## TASK BRIEF
All of the data should be restated word for word, with the pictures omitted.

## GIVEN INFORMATION
◆ ◆ ◆ ◆ ◆ ◆ ◆

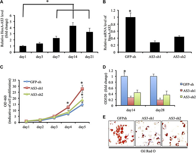 Figure 1: HoxA-AS3 is required adipogenesis of human MSCs. (A) Transcript of HoxA-AS3 was upregulated in human MSCs upon adipogenic differentiation. (B) Human MSCs infected with HoxA-AS3-sh1 or HoxA-AS3-sh2 lentivirus reduced mRNA expression levels of HoxA-AS3 compared to control human MSCs infected with GFP-sh lentivirus (C) Knockdown of HoxA-AS3 promoted the proliferation of human MSCs. (D) Human MSCs infected with GFP-sh, HoxA-AS3-sh1 or HoxA-AS3-sh2 lentivirus were cultured in adipogenic medium for 14 and 28 days. Lipid-containing cells were stained with Oil Red O. (E) Quantification of Oil Red O indicated the significant lower OD520 values between HoxA-AS3 knockdown groups in comparison with control groups. (*P < 0.05).
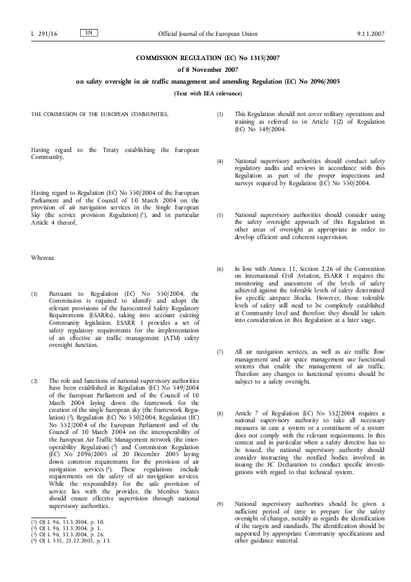 Commission Regulation (EC) No 1315/2007 of 8 November 2007 on safety oversight in air traffic manage
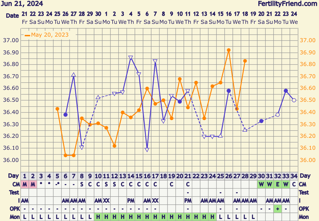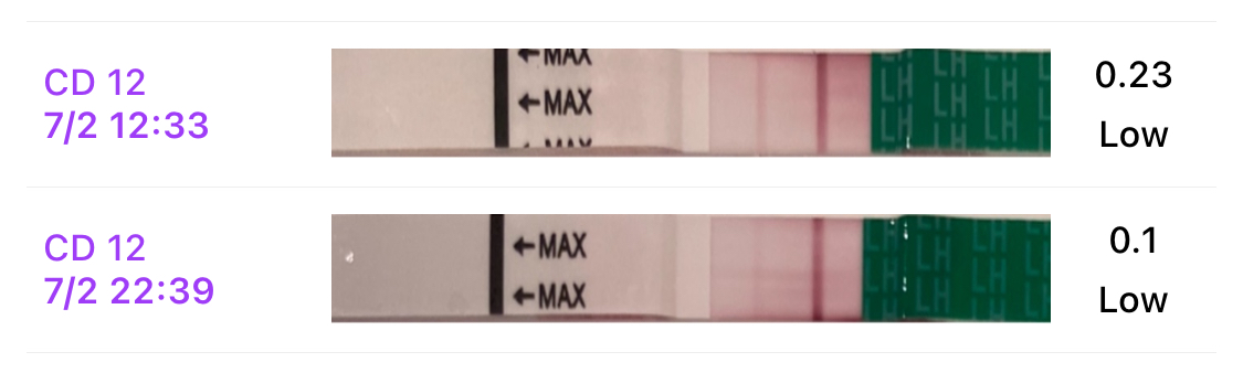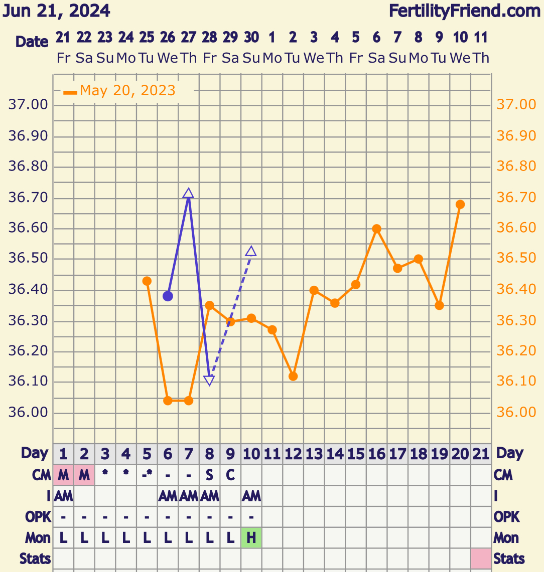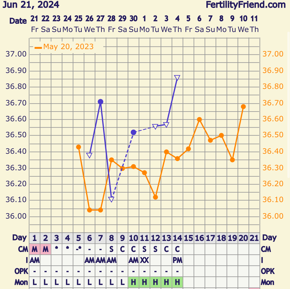Nå er jeg ingen habil monitorbruker men jeg kjenner jo godt til egen syklus etter en stund i gamet. Det vil jo variere fra syklus til syklus hvordan kroppen er både med tanke på temperatur og når en kan forvente å få positive og negative tester. Forrige gang jeg brukte monitor, mai/juni 2023, hadde jeg lav frem til og med CD9. Fra CD10 og til og med CD14 hadde jeg høy-høy-topp-topp-høy. Resten lav. Det var en normal syklus med EL. Ettersom kroppen fortsatt er preget av å ha vært gravid, antar jeg at jeg at jeg i denne syklusen muligens har en anovulatorisk syklus. Dette med bakgrunn i at jeg er på sjette dagen med østrogenøkning i følge CBFM og at jeg enda ikke har fått den nødvendige oppsvingen av LH. Temperaturgrafen tyder på samme trend, så da tror jeg det er enklere for psyken min at jeg slutter å teste og heller venter på at kroppen finner ut når den er klar igjen :)

◆ ◆ ◆ ◆ ◆ ◆ ◆

## RESPONSE
 Figure 1: HoxA-AS3 is required adipogenesis of human MSCs. (A) Transcript of HoxA-AS3 was upregulated in human MSCs upon adipogenic differentiation. (B) Human MSCs infected with HoxA-AS3-sh1 or HoxA-AS3-sh2 lentivirus reduced mRNA expression levels of HoxA-AS3 compared to control human MSCs infected with GFP-sh lentivirus (C) Knockdown of HoxA-AS3 promoted the proliferation of human MSCs. (D) Human MSCs infected with GFP-sh, HoxA-AS3-sh1 or HoxA-AS3-sh2 lentivirus were cultured in adipogenic medium for 14 and 28 days. Lipid-containing cells were stained with Oil Red O. (E) Quantification of Oil Red O indicated the significant lower OD520 values between HoxA-AS3 knockdown groups in comparison with control groups. (*P < 0.05).
 Commission Regulation (EC) No 1315/2007 of 8 November 2007 on safety oversight in air traffic manage
Nå er jeg ingen habil monitorbruker men jeg kjenner jo godt til egen syklus etter en stund i gamet. Det vil jo variere fra syklus til syklus hvordan kroppen er både med tanke på temperatur og når en kan forvente å få positive og negative tester. Forrige gang jeg brukte monitor, mai/juni 2023, hadde jeg lav frem til og med CD9. Fra CD10 og til og med CD14 hadde jeg høy-høy-topp-topp-høy. Resten lav. Det var en normal syklus med EL. Ettersom kroppen fortsatt er preget av å ha vært gravid, antar jeg at jeg at jeg i denne syklusen muligens har en anovulatorisk syklus. Dette med bakgrunn i at jeg er på sjette dagen med østrogenøkning i følge CBFM og at jeg enda ikke har fått den nødvendige oppsvingen av LH. Temperaturgrafen tyder på samme trend, så da tror jeg det er enklere for psyken min at jeg slutter å teste og heller venter på at kroppen finner ut når den er klar igjen :)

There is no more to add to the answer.